Ironically, one of the first things Susan asked me was, “Do I have any siblings?” She actually hoped I had other children.

I can laugh at myself now, thank God.

The Love in Our Epilogue

JUNE 1997 – BROWARD COUNTY, FL.

It has been slightly more than ten years since I reunited with Susan. My first grand-angel will be 11 in August; my second was 9 last February. They are the light of my life and I’m happy to say that, in spite of the distance separating us, we share a very close bond. We’ve been corresponding since even before they learned to write. I “wrote” letters to them on audio tape and would read books I bought them on tape, too. Today I get real letters, drawings, copies of school work, things they make, and the efforts of a budding author (the 9-year-old).

My relationship with Susan is still developing. It has taken me a long time—and many therapy sessions—to understand that I can never go back; I can  never undo the past; and I can’t step in and assume a role I relinquished in 1954. Sue has spent her lifetime as a beloved member of her adoptive family. She has a wonderful mom and dad. I know I hold a special place in her heart and am learning to be content with that.

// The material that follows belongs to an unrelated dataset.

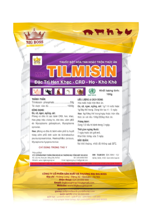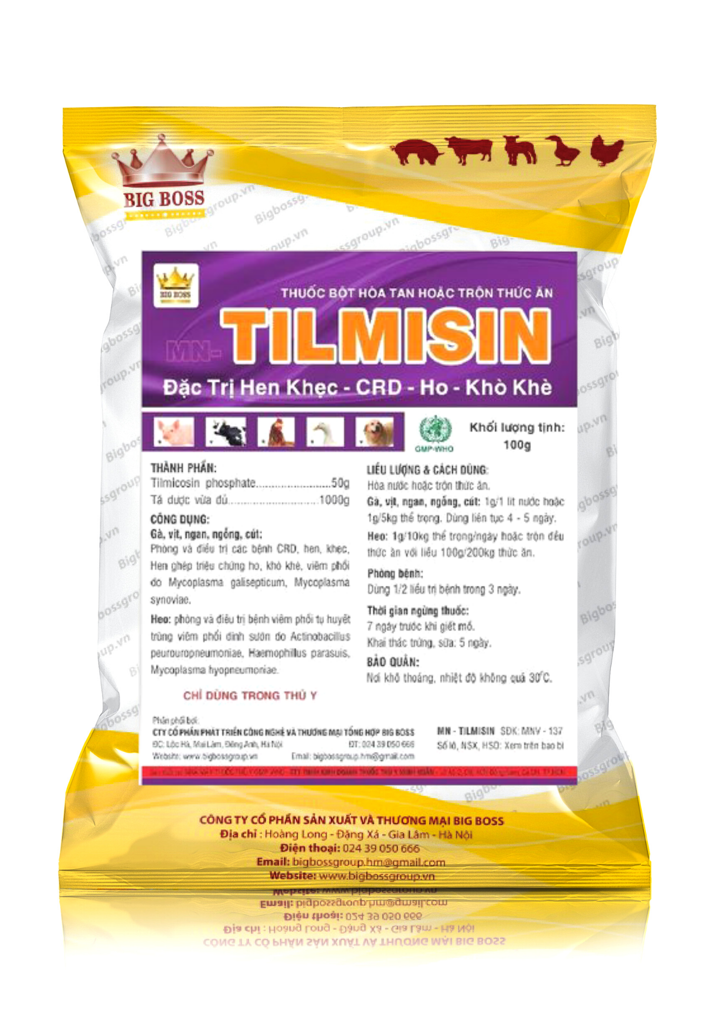Timisin 5% Gà, vịt, ngan, ngỗng, cút : Phòng, và điều trị các bệnh CRD, hen, khẹc, Hen ghép triệu chứng ho, khò khè, viêm phổi do Mycoplasmagalisepticum.Mycoplasma synoviae.

Post-reunion is not easy. Dr. Abraham Low, the psychiatrist who founded Recovery, Inc., warns that “high expectations can lead to great disappointments”.

So, take it slow, and don’t expect too much right away. Lasting relationships take time to develop. Fortunately, we have help today that wasn’t available to us older birth moms of the 40s and 50s and 60s. I’ve taken advantage of it, and I’ve benefited a great deal from therapy. I’m still unraveling the knotty tangles of my life and have made some very surprising and welcome discoveries. The most important is that I can’t repair four decades of wounded psyche in just ten years. And that’s ok. It just takes time.